* [Aim of the task]
What you return must be the full data, repeated verbatim, with no pictures in it.

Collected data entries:
==========
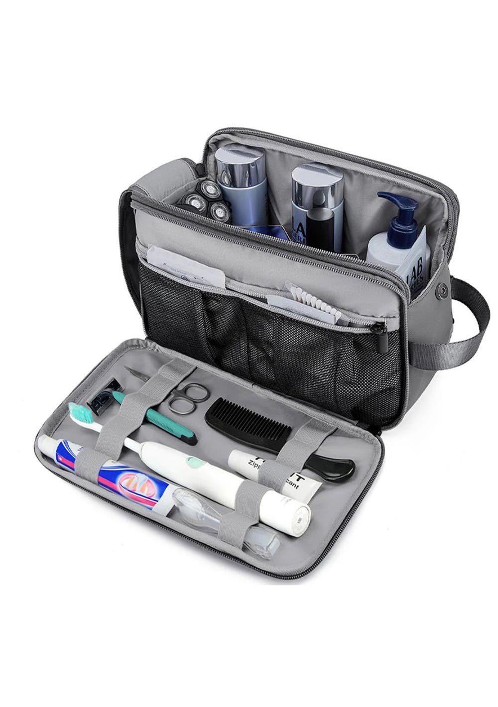 Product Description: Keep your toiletries and shaving accessories organized with this Men's Travel Toiletry Bag. Made of water-resistant material, it's easy to clean and provides protection from splashed water.With its spacious main compartment and elastic straps, this bag can hold bottles upright and keep your toiletries secure. The multiple pockets inside ensure all your essentials are organized and easily accessible.The front waterproof pocket allows you to keep wet and dry items separate, while the back panel provides a flat surface for efficient organization. The double zipper design offers quick access to the main compartment with a simple pull on the connected zip puller.This versatile bag is suitable for both home and travel use. Its unique design combines a toiletry bag, shaving kit, and makeup/cosmetic bag all in one, making it a convenient choice for any occasion.?Product Specification:Color: Black, Navy, Pink, GreyMaterial: PUWeight: 260gSize: 24 x 16 x 11.7 cmFunction: Toiletry Bag for MenPackage Inclusion:1 x Toiletry Bag
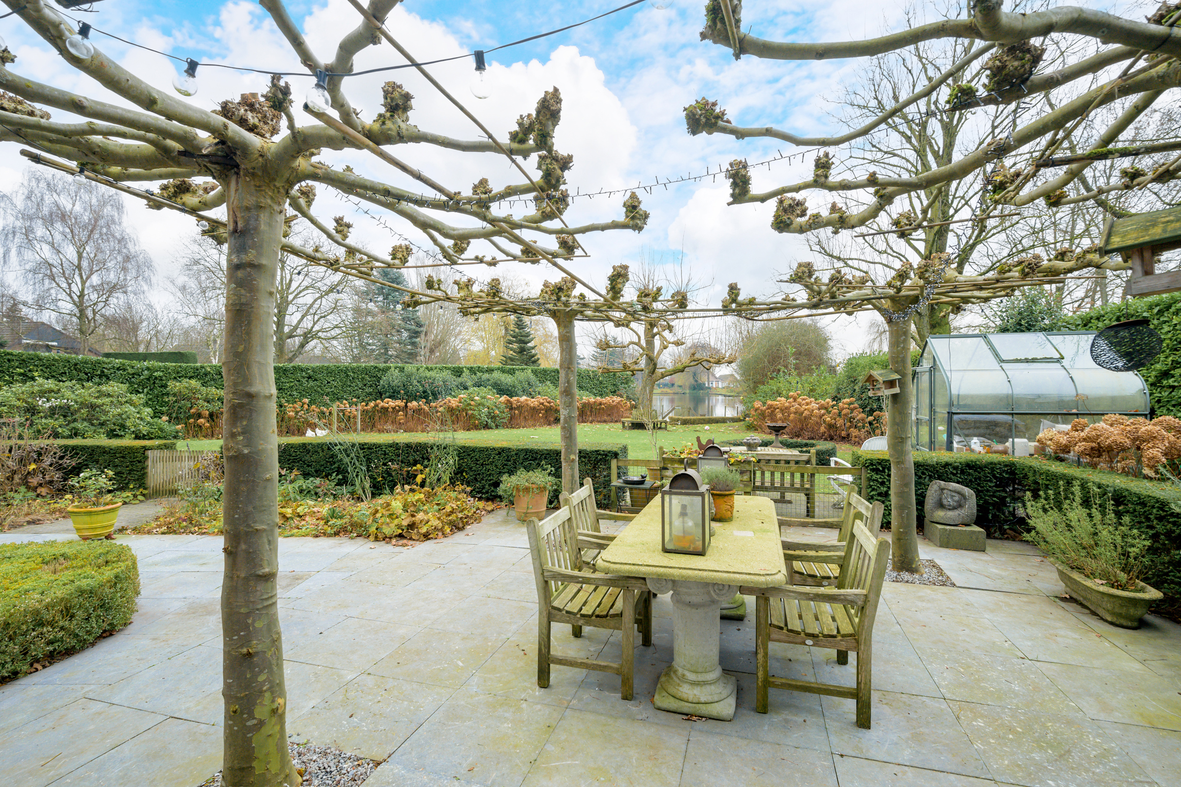 Multiple terraces have been created, including a spacious terrace directly on the water and a large hardstone-paved terrace next to the house, partially shaded by plane trees. The front/side garden also features a decorative pond.
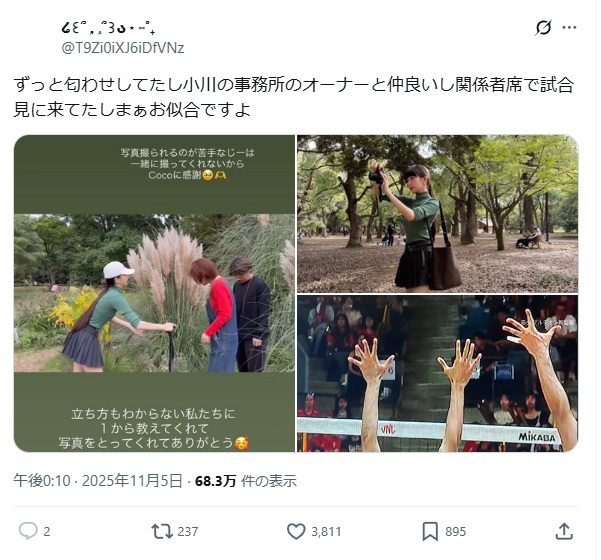 2025年11月5日、週刊文春がバレーボールの小川智大選手とCocomiさんの熱愛を報じました。
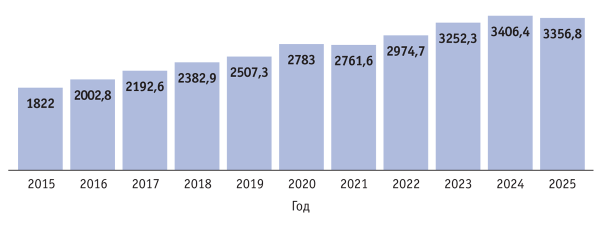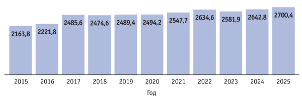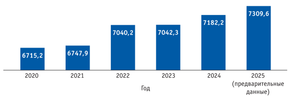 Отечественное мясное птицеводство демонстрирует устойчивый рост показателей. В 2025 г. объем выпуска птицы на убой в живой массе превысил уровень предыдущего года на 1,8% и составил 7,3 млн т. С 2020 г. объемы производства мяса этого вида неуклонно растут (рис. 3).
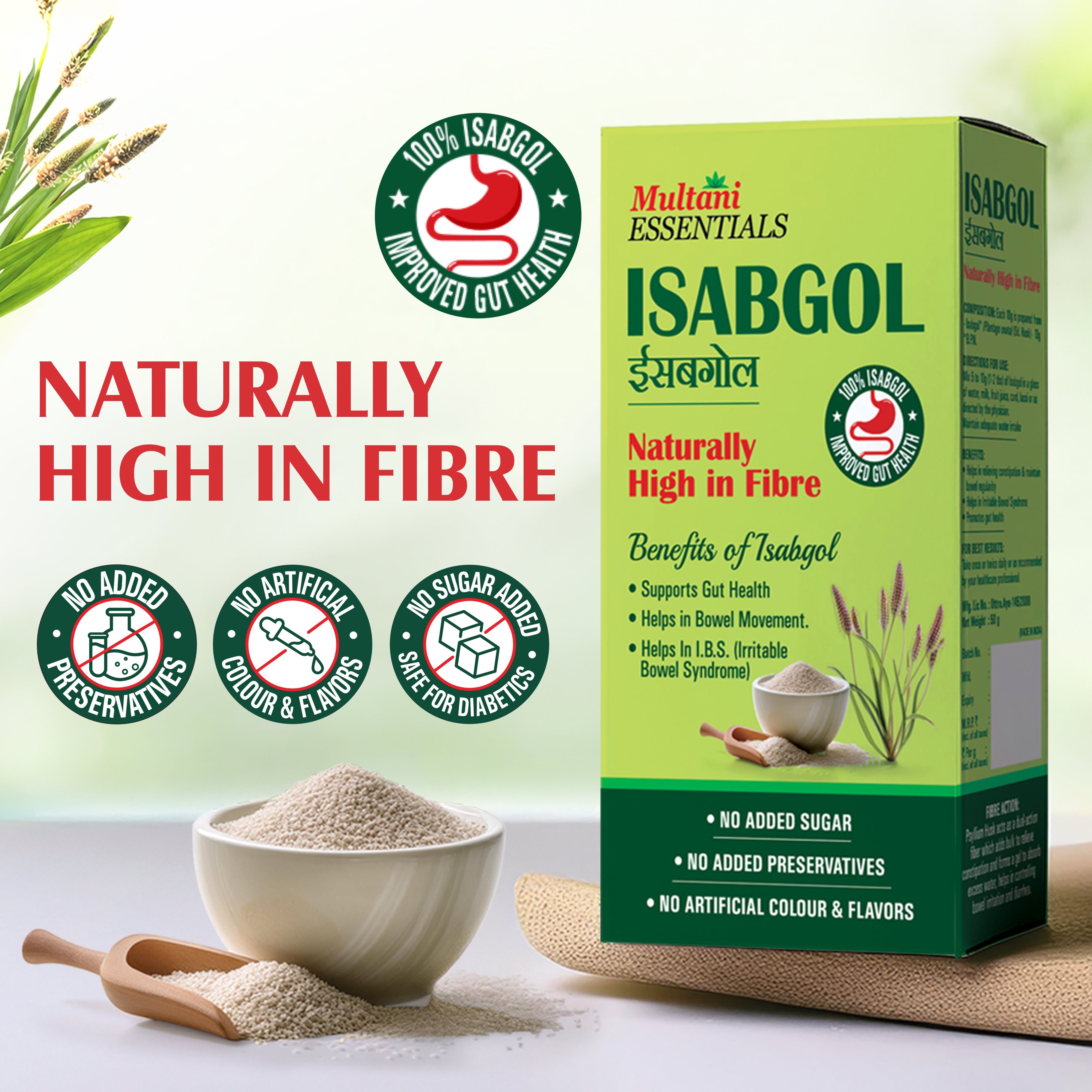 Multani Essentials Isabgol | Natural High Fiber | Helps Manage Constipation, Gut Health And Irritable Bowel Syndrome | Chemical Free | No Added Sugar Or Artificial Flavour | 100% Isabgol | Bowel Movement | Digestion & Gut Health - 50 GM(1.8/ Per GM)
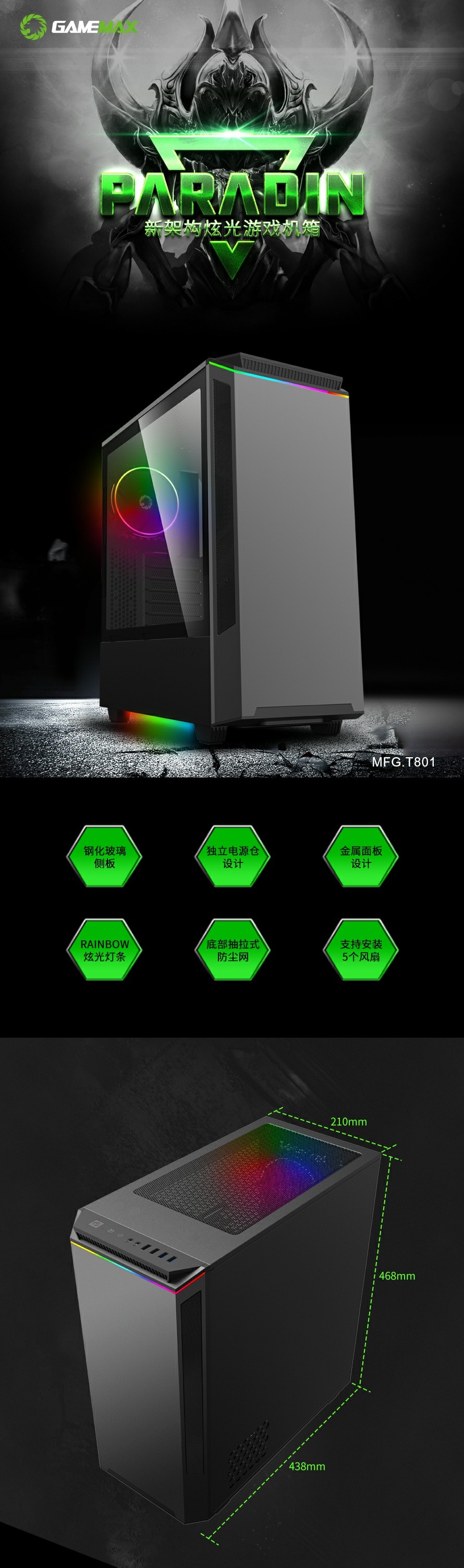 8001中塔式机箱具有独特的单颗易拧玻璃侧窗,并使用0.8mm的环保钢板。
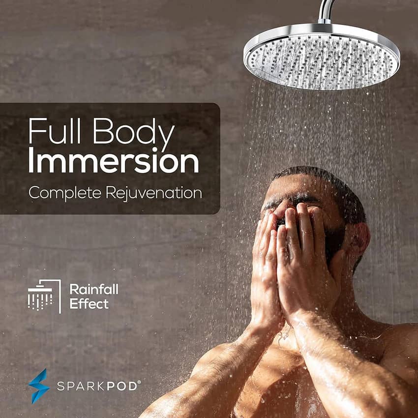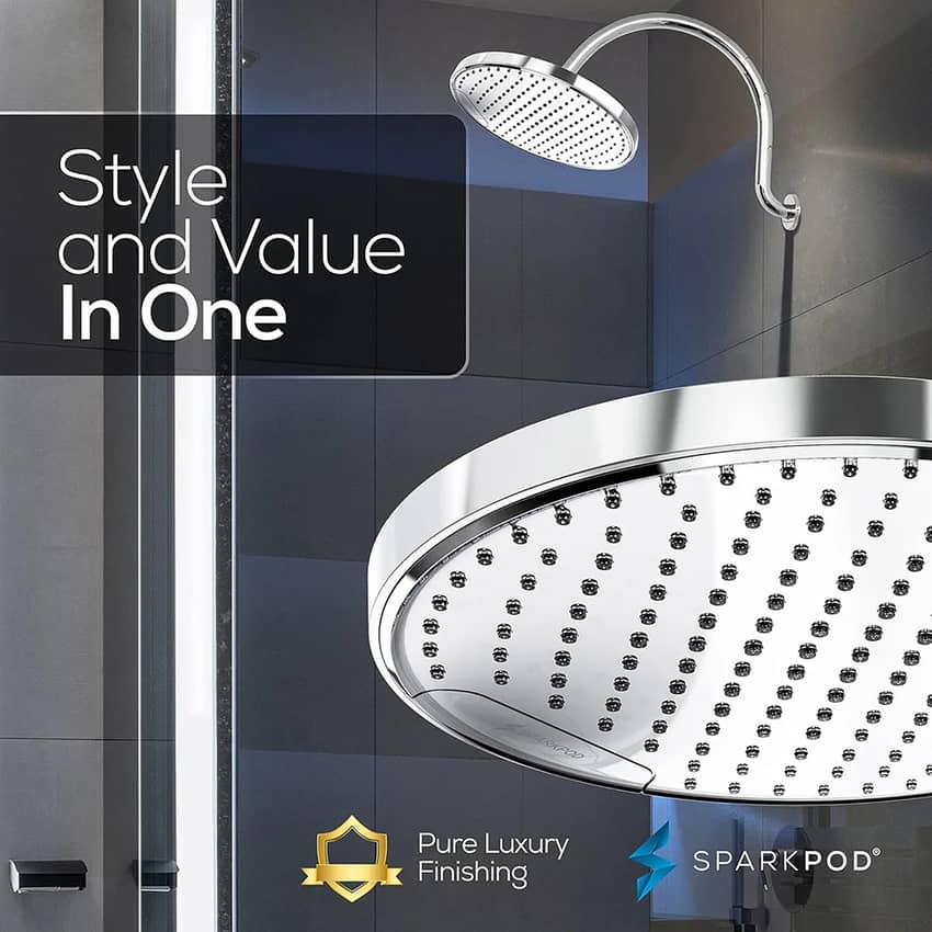 Upgrade your shower experience with the SparkPod Round Rain Shower Head in Chrome and White. This luxurious showerhead boasts a wide 10-inch diameter to ensure full body coverage, perfect for rinsing off quickly. The fixed head features easy-to-clean nozzles that remove hard water deposits with just a touch. Enjoy a customized showering experience with the SparkPod's multiple spray settings. Its modern and luxurious design complements any bathroom style, making it the perfect upgrade to your existing shower fixture. Constructed from durable, rust-proof ABS plastic, this showerhead is available in multiple color combinations to match your bathroom d�cor. The SparkPod 10" Round Rain Shower Head comes with everything you need for a hassle-free installation, including plumber's tape, a bonus restrictor to help manage water flow, an installation guide, and a quality screened washer. Universally compatible, this showerhead is easy to install and will have you enjoying a spa-like showering experience in no time. This shower head weighs 2 pounds, and measures 10 inches in diameter.
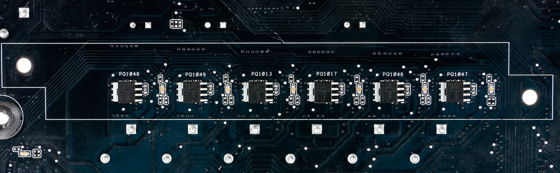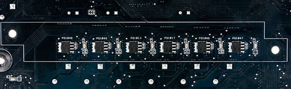 Сами каналы питания построены с применением MOSFET-драйверов IR3535 дискретных MOSFET-транзисторов. Часть MOSFET-транзисторов расположена на обратной стороне платы и контактирует с использованием термопрокладки с металлической теплосъемной пластиной.
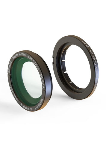 The Super Macro Lens captures stunning macro images from 1.5” to 4” (4cm to 10cm). The lens features a 2-element optical grade lens with anti-reflective coating and durable anodized aluminum construction with rubber press-on lens mount. This 52 mm lens also attaches to any underwater housing with 52mm mounting threads.
==========
* [Output for this task]
 Product Description: Keep your toiletries and shaving accessories organized with this Men's Travel Toiletry Bag. Made of water-resistant material, it's easy to clean and provides protection from splashed water.With its spacious main compartment and elastic straps, this bag can hold bottles upright and keep your toiletries secure. The multiple pockets inside ensure all your essentials are organized and easily accessible.The front waterproof pocket allows you to keep wet and dry items separate, while the back panel provides a flat surface for efficient organization. The double zipper design offers quick access to the main compartment with a simple pull on the connected zip puller.This versatile bag is suitable for both home and travel use. Its unique design combines a toiletry bag, shaving kit, and makeup/cosmetic bag all in one, making it a convenient choice for any occasion.?Product Specification:Color: Black, Navy, Pink, GreyMaterial: PUWeight: 260gSize: 24 x 16 x 11.7 cmFunction: Toiletry Bag for MenPackage Inclusion:1 x Toiletry Bag
 Multiple terraces have been created, including a spacious terrace directly on the water and a large hardstone-paved terrace next to the house, partially shaded by plane trees. The front/side garden also features a decorative pond.
 2025年11月5日、週刊文春がバレーボールの小川智大選手とCocomiさんの熱愛を報じました。
 Отечественное мясное птицеводство демонстрирует устойчивый рост показателей. В 2025 г. объем выпуска птицы на убой в живой массе превысил уровень предыдущего года на 1,8% и составил 7,3 млн т. С 2020 г. объемы производства мяса этого вида неуклонно растут (рис. 3).
 Multani Essentials Isabgol | Natural High Fiber | Helps Manage Constipation, Gut Health And Irritable Bowel Syndrome | Chemical Free | No Added Sugar Or Artificial Flavour | 100% Isabgol | Bowel Movement | Digestion & Gut Health - 50 GM(1.8/ Per GM)
 8001中塔式机箱具有独特的单颗易拧玻璃侧窗,并使用0.8mm的环保钢板。
 Upgrade your shower experience with the SparkPod Round Rain Shower Head in Chrome and White. This luxurious showerhead boasts a wide 10-inch diameter to ensure full body coverage, perfect for rinsing off quickly. The fixed head features easy-to-clean nozzles that remove hard water deposits with just a touch. Enjoy a customized showering experience with the SparkPod's multiple spray settings. Its modern and luxurious design complements any bathroom style, making it the perfect upgrade to your existing shower fixture. Constructed from durable, rust-proof ABS plastic, this showerhead is available in multiple color combinations to match your bathroom d�cor. The SparkPod 10" Round Rain Shower Head comes with everything you need for a hassle-free installation, including plumber's tape, a bonus restrictor to help manage water flow, an installation guide, and a quality screened washer. Universally compatible, this showerhead is easy to install and will have you enjoying a spa-like showering experience in no time. This shower head weighs 2 pounds, and measures 10 inches in diameter.
 Сами каналы питания построены с применением MOSFET-драйверов IR3535 дискретных MOSFET-транзисторов. Часть MOSFET-транзисторов расположена на обратной стороне платы и контактирует с использованием термопрокладки с металлической теплосъемной пластиной.
 The Super Macro Lens captures stunning macro images from 1.5” to 4” (4cm to 10cm). The lens features a 2-element optical grade lens with anti-reflective coating and durable anodized aluminum construction with rubber press-on lens mount. This 52 mm lens also attaches to any underwater housing with 52mm mounting threads.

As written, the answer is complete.